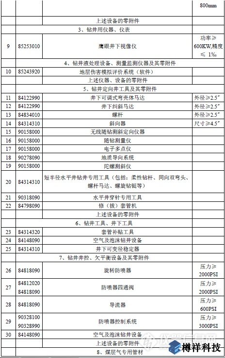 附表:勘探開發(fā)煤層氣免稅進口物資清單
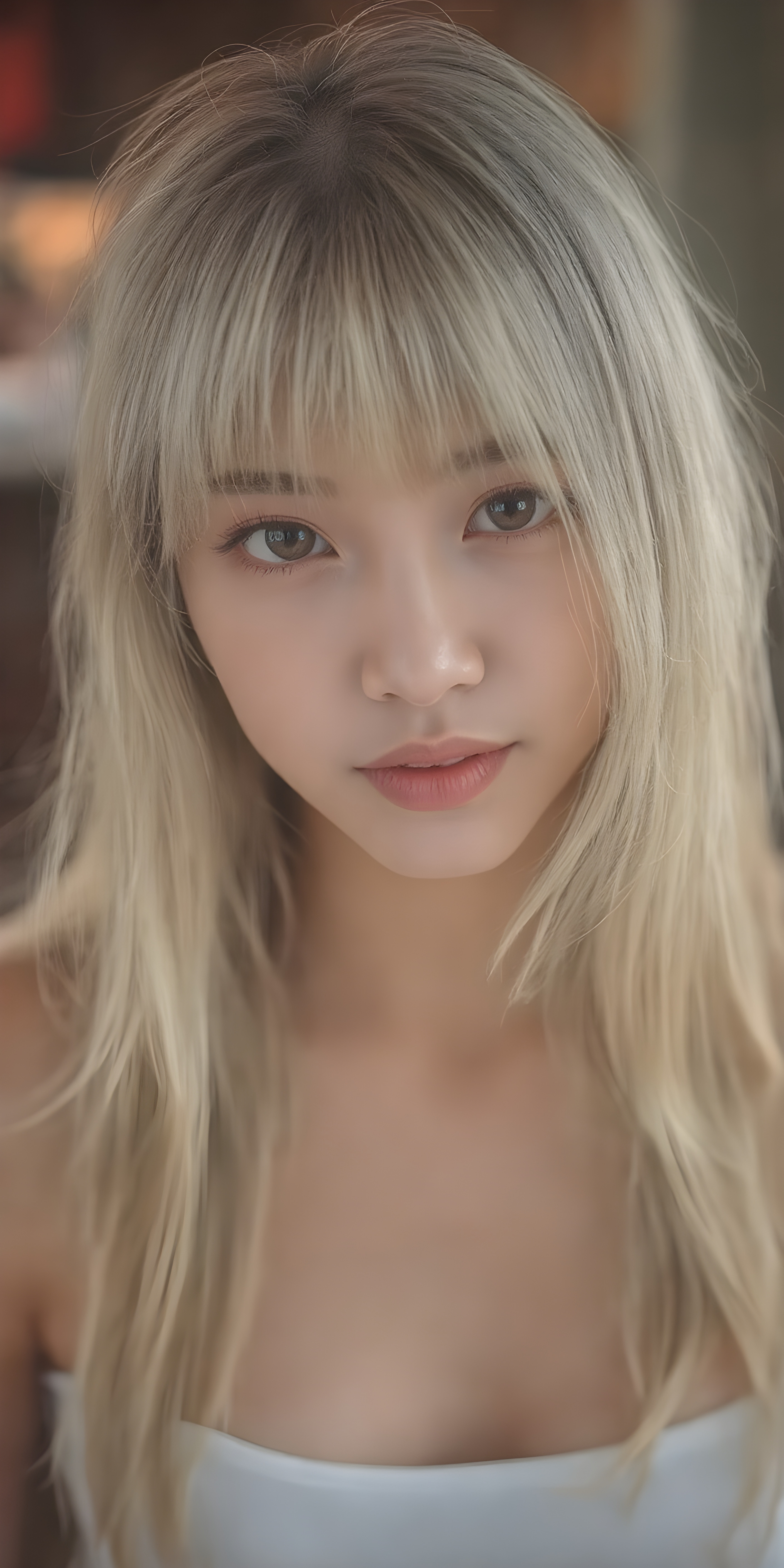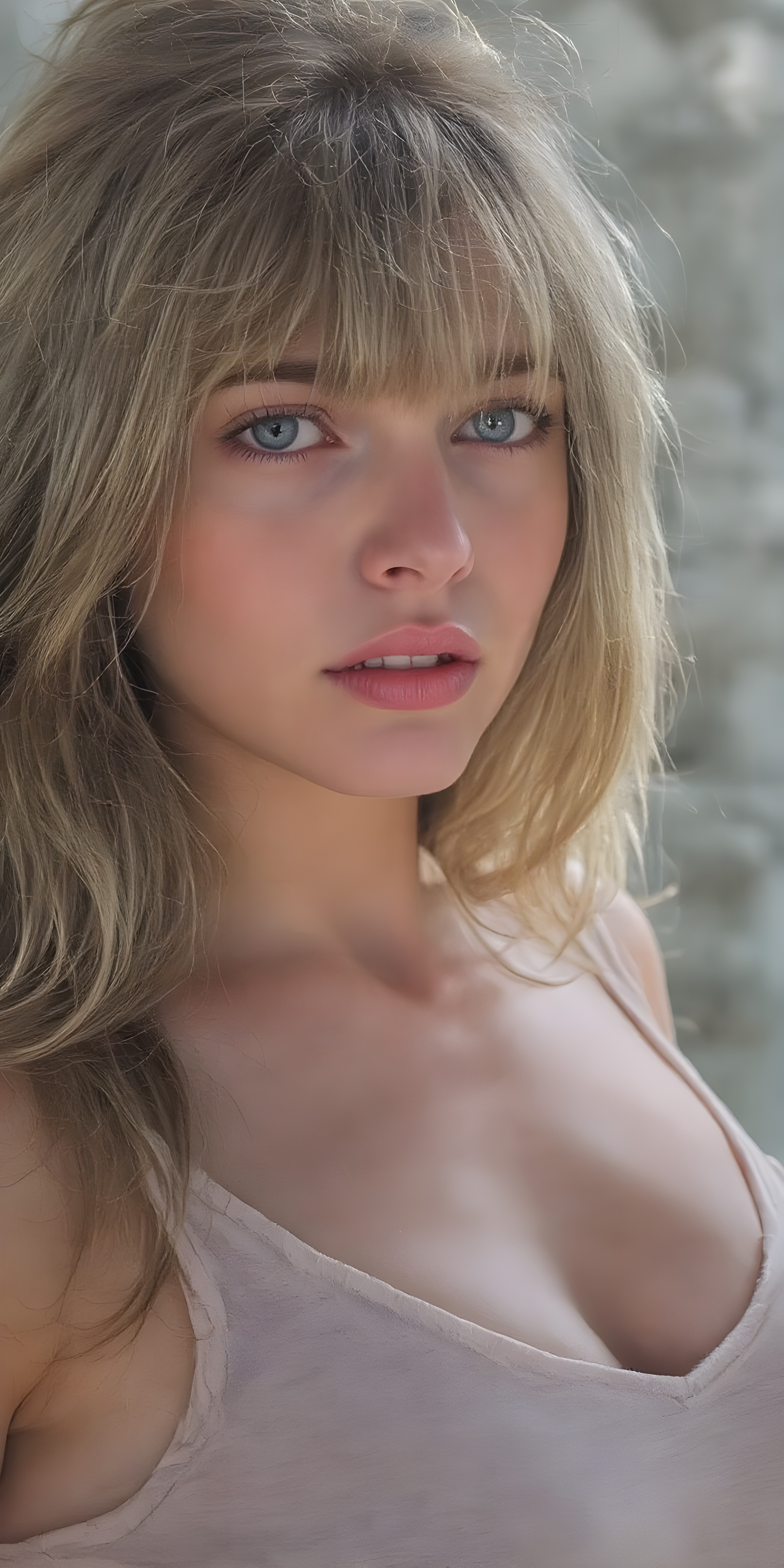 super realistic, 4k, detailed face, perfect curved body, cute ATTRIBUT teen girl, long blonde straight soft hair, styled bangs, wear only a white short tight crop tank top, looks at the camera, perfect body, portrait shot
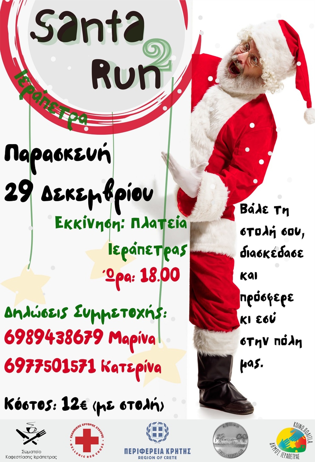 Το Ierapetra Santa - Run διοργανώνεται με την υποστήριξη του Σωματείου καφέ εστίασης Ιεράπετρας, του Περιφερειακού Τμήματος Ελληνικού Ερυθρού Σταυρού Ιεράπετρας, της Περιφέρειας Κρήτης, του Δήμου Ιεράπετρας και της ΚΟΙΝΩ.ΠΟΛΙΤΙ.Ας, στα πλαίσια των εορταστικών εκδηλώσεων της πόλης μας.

* * *

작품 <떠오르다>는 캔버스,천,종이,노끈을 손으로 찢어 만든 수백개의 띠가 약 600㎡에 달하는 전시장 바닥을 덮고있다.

---

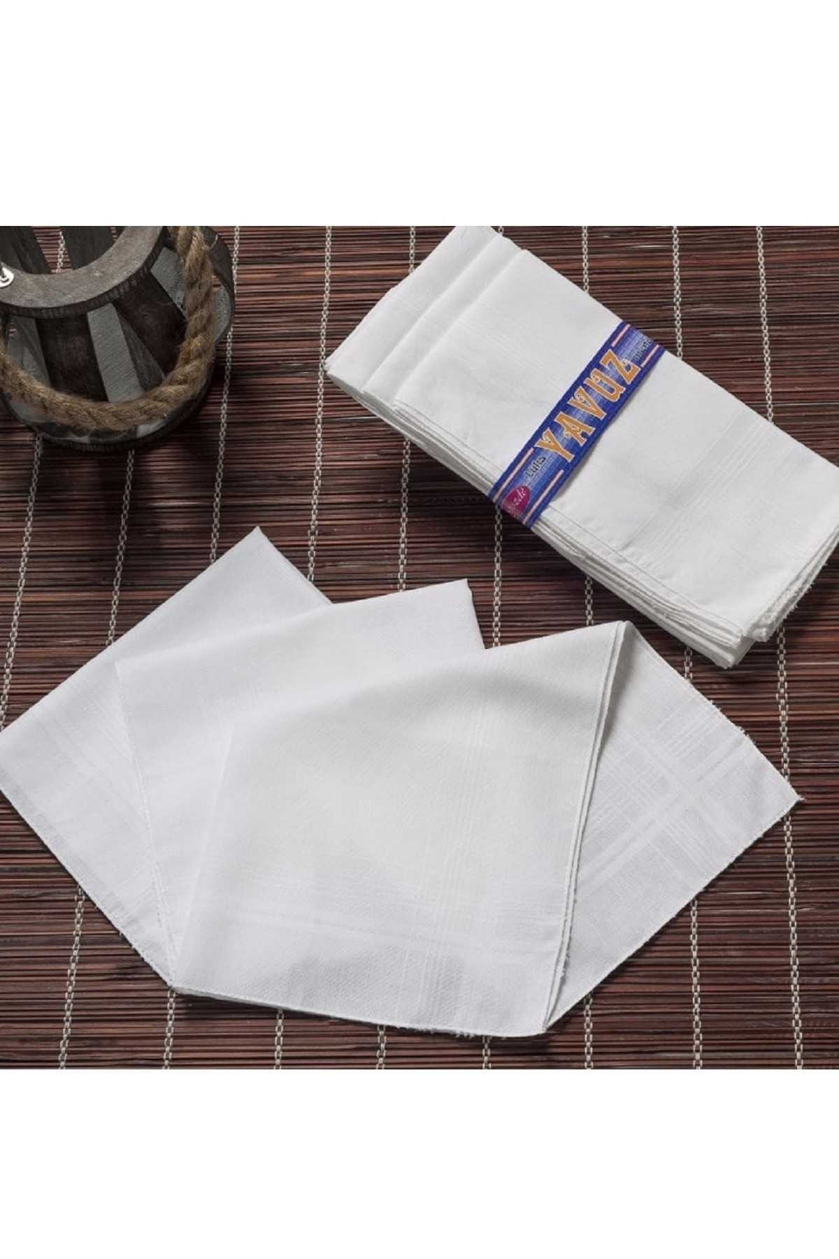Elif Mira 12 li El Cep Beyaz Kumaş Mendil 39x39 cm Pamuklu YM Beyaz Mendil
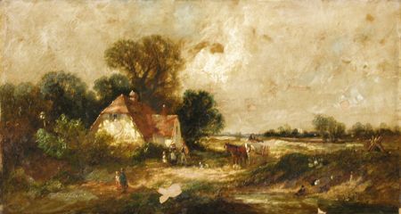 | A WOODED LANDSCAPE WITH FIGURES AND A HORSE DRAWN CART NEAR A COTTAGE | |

Exercise.
Reproduce exactly, with no pictures, the lines above from the one holding "附表:勘探開發(fā)煤層氣免稅進口物資清單" to the one holding "Το Ierapetra Santa", inclusive.

Solution.
 附表:勘探開發(fā)煤層氣免稅進口物資清單
 super realistic, 4k, detailed face, perfect curved body, cute ATTRIBUT teen girl, long blonde straight soft hair, styled bangs, wear only a white short tight crop tank top, looks at the camera, perfect body, portrait shot
 Το Ierapetra Santa - Run διοργανώνεται με την υποστήριξη του Σωματείου καφέ εστίασης Ιεράπετρας, του Περιφερειακού Τμήματος Ελληνικού Ερυθρού Σταυρού Ιεράπετρας, της Περιφέρειας Κρήτης, του Δήμου Ιεράπετρας και της ΚΟΙΝΩ.ΠΟΛΙΤΙ.Ας, στα πλαίσια των εορταστικών εκδηλώσεων της πόλης μας.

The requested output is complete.